== WORK TO COMPLETE ==
Write the listing out again word for word. Pictures do not belong in the copy.
*** Opening SOURCE MATERIAL ***
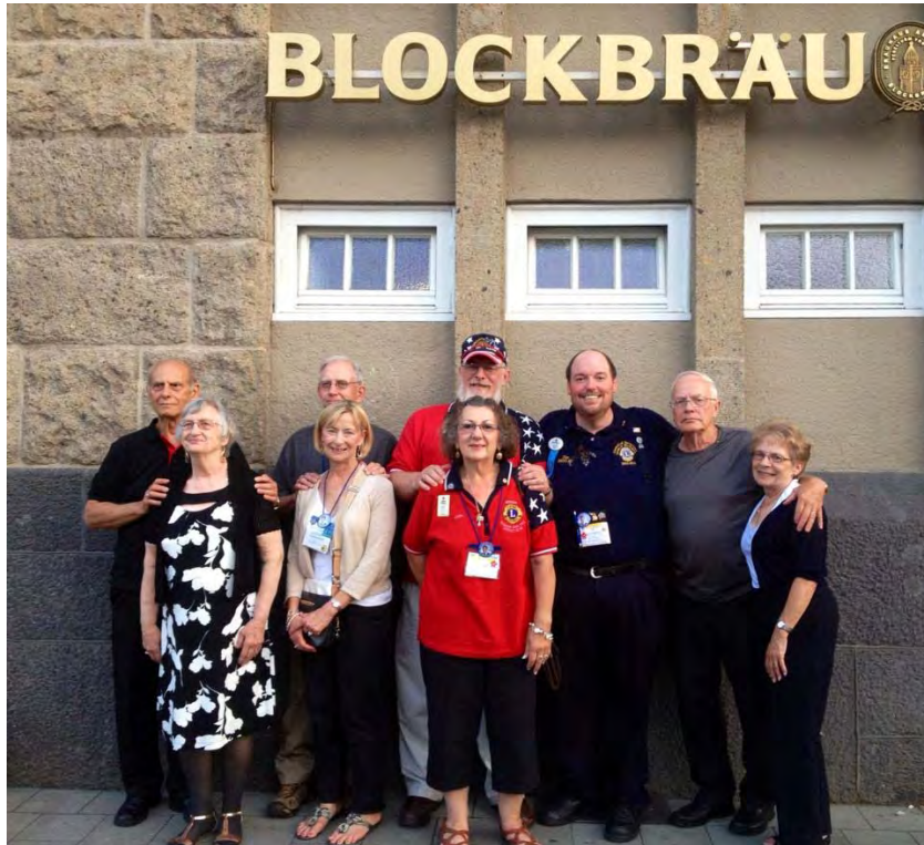
Lions of 11E1 Enjoy Michigan Night Together!
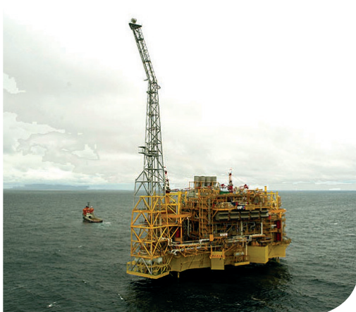
TPG 500 for Total Fina Elf (Elgin Field)
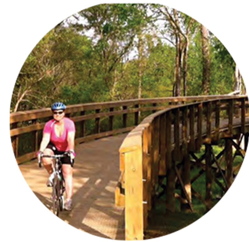
BRIDGE OVER STREAM
*** Closing SOURCE MATERIAL ***
== REPLY TO THE TASK ==
Lions of 11E1 Enjoy Michigan Night Together!
TPG 500 for Total Fina Elf (Elgin Field)
BRIDGE OVER STREAM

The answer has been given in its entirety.